Two blasts occurred minutes apart at the end of a rally protesting the proposed draft constitution as a Nairobi bishop was leading the several thousand attendees in a closing prayer, reports the Kenya Broadcasting Corporation. Kenya’s The Standard newspaper reports that a 10-year-old boy was among the dead.

No group has claimed responsibility for the bombing nor is it known what weapons were used in the attack, although the Kenyan Broadcasting Corporation reports that initial police reports suggested hand grenades.

The rally fell apart as people scattered after the initial explosion, which the British Broadcasting Corporation caught on tape. (Watch BBC video of the scene here.) Prayer leaders urged the crowd to remain calm, reported Agence France-Presse.

Police sealed off the vast park as ambulances converged on the scene, then sped away to take the casualties to various hospitals.

Several thousand people were attending the rally, where organisers and speakers appealed for calm from the podium.

While the government has so far not named any suspects, opponents of the draft constitution have blamed its supporters for the attack. That charge has been made by Bishop James Nganga, who was leading prayers at the time of the attack, as well as by Higher Education Minister William Ruto, who blamed it on “people hell-bent on forcing a new constitution on Kenyans."

And the National Council of Churches of Kenya joined with 14 other churches and groups in releasing a statement that blames the government itself for a hand in the attack. "Having been informed over and over that the passage of the new constitution during the referendum is a government project, we are left in no doubt that the government, either directly or indirectly, had a hand in this attack.

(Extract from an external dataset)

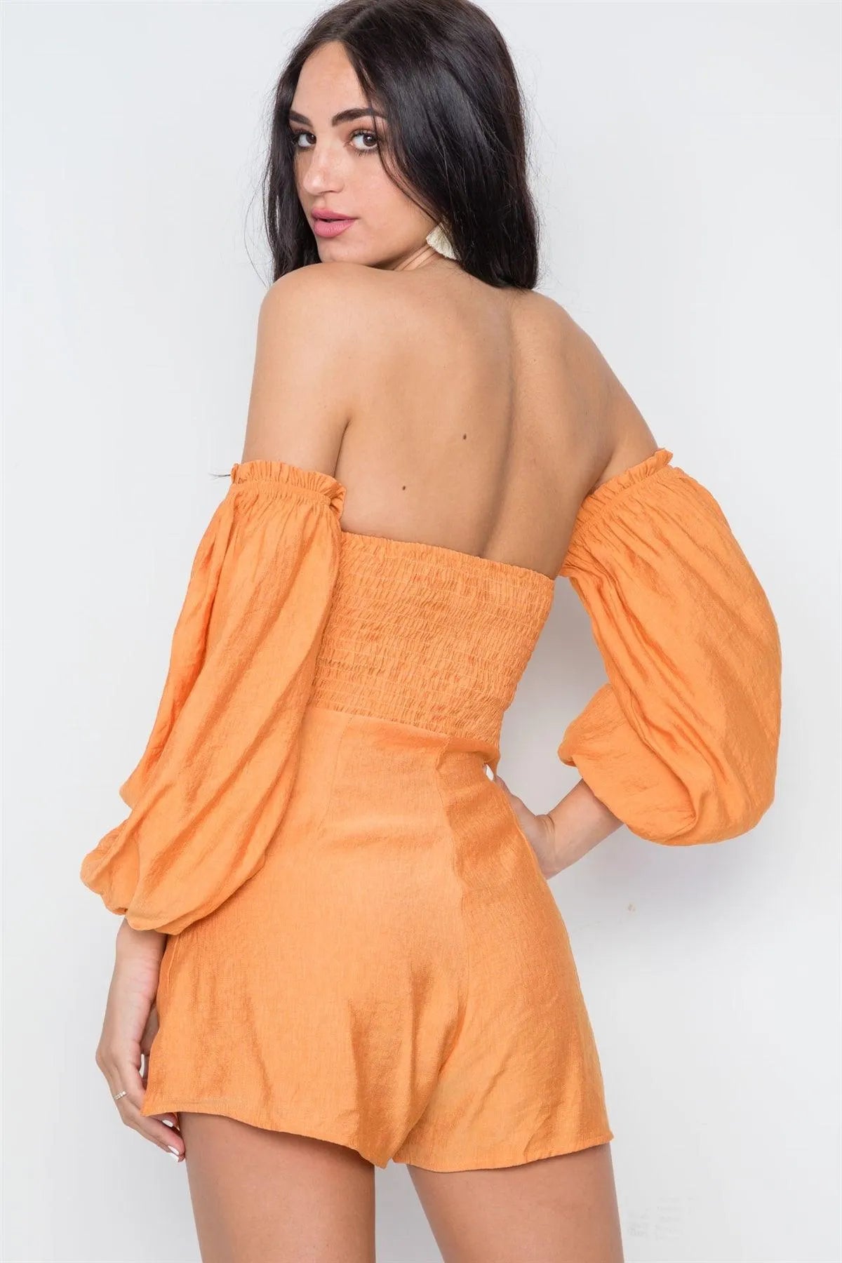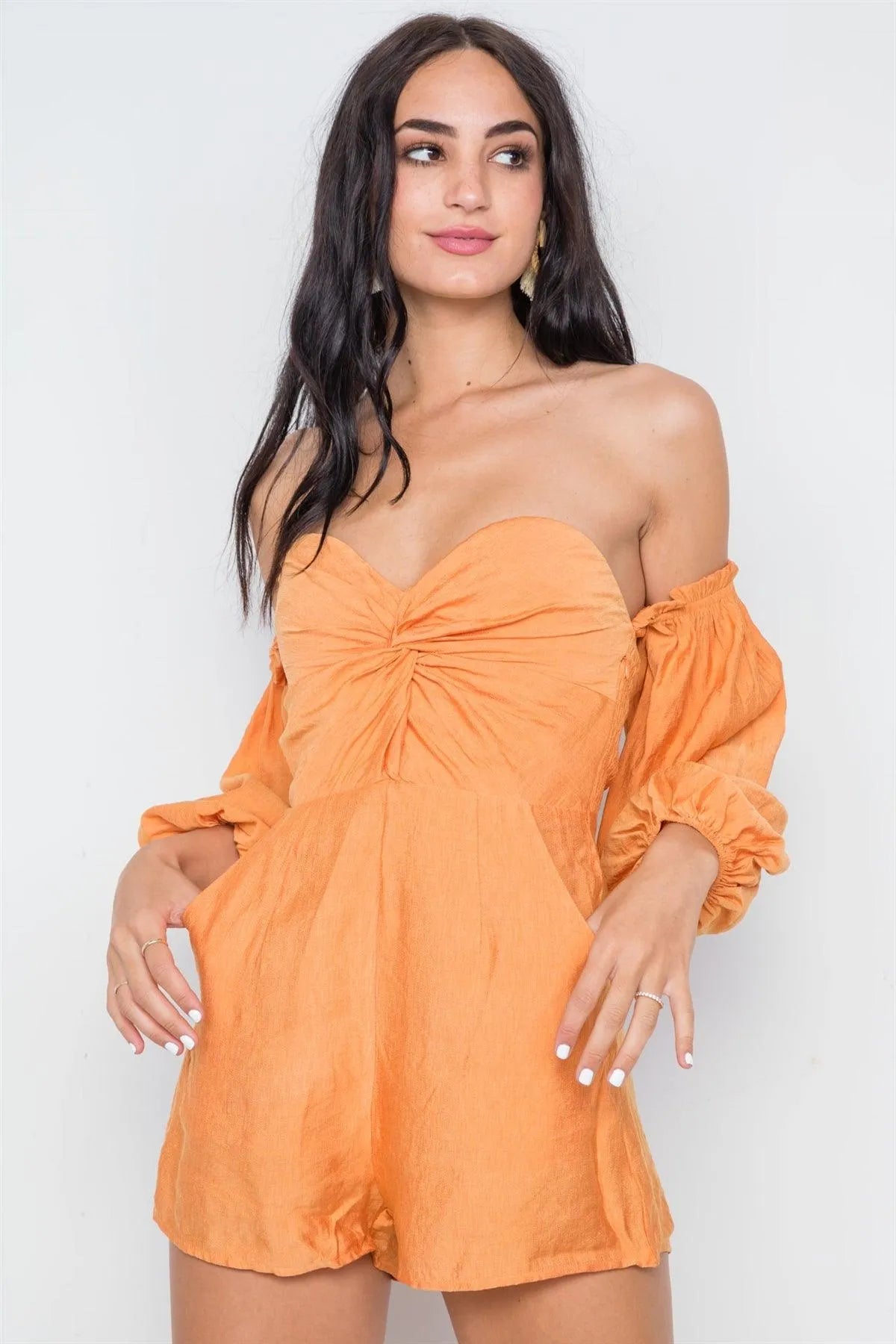 Romper features: sweetheart neckline with twisted detailing, padded bust, long puff sleeves with elasticized cuffs, smocked back, site pockets, unlinedModel is 5'8 and wearing Small (Waist: 24", Bust: 32A, Hips: 34")Item Measurements: Length: 23" Bust: 30" Sleeves: 17"True to sizeAvailable in Red

Who else in this country holds explosive devices?" said the statement, according to the Associated Press.

Kenya's president and prime minister both support the draft constitution. US Vice President Joe Biden visited Nairobi last week, expressing support for it as well.

Constitutional changes were a key part of the power-sharing deal negotiated in the wake of disputed 2007 elections that resulted in a spasm of ethnic violence that drove 300,000 from their homes. The New York Times reports that many Kenyans blame the violence on the country’s all-powerful executive branch and the weakness of local institutions. The draft constitution, passed by the parliament in April, focuses on beefing up individual rights and limiting the power of Kenya’s traditionally strong presidency in favor of giving more authority to local governments.

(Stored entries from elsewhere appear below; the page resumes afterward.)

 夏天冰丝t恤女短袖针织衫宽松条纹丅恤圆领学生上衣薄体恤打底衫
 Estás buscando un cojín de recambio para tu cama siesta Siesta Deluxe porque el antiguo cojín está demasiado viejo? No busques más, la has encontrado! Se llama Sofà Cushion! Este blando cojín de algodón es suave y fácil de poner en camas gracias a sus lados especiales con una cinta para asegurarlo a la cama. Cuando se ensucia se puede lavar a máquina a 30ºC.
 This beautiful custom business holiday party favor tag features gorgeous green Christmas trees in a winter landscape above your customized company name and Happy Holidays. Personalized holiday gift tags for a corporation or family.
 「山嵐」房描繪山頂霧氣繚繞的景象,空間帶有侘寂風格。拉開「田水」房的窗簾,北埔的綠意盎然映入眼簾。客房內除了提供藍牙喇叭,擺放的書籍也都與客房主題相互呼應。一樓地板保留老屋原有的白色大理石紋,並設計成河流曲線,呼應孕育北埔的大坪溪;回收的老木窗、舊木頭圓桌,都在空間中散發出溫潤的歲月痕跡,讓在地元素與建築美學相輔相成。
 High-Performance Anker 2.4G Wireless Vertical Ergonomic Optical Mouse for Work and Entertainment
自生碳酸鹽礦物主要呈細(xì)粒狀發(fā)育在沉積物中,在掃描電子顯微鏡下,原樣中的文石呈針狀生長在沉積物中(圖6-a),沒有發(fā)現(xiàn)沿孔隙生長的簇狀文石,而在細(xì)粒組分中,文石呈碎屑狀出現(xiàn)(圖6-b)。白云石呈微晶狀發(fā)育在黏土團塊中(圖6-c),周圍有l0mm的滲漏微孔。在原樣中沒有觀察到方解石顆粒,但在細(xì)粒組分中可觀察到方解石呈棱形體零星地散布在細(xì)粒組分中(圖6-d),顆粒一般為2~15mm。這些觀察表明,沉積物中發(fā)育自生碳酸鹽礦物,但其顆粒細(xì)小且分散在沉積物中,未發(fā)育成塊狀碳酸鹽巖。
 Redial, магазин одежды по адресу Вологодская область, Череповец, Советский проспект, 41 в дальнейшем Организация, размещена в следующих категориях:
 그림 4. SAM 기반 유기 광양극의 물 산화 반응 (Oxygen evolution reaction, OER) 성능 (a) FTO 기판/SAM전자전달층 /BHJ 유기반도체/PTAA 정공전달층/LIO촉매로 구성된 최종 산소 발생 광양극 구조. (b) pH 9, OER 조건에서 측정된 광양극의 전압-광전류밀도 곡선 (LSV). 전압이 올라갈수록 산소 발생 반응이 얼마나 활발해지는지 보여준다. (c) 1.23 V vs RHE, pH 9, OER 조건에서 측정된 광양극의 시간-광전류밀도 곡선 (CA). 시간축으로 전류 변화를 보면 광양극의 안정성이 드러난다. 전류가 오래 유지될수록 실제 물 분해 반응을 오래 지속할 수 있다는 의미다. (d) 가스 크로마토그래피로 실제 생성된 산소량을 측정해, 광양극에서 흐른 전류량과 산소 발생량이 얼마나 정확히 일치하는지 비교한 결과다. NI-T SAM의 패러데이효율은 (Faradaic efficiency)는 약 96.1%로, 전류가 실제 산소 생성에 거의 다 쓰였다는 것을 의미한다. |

However, Christian groups have come out strongly against the draft and accuse it of easing restrictions on abortion and endorsing a system of Islamic courts that is already in use for Kenya’s Muslim minority. As The Christian Science Monitor reported in May, observers say these criticisms don’t hold water because the proposed constitution does not substantially change existing law on abortion or Islamic courts. Opposition may instead be linked to land reform clauses that threaten the interests of the wealthy.

“I very much doubt that those ranged with the 'No' side really care that much about abortion or Islamic courts,” one European diplomat in Nairobi told the Monitor. “But they will jump on any bandwagon which will keep prying eyes out of their affairs by keeping things the way they are.”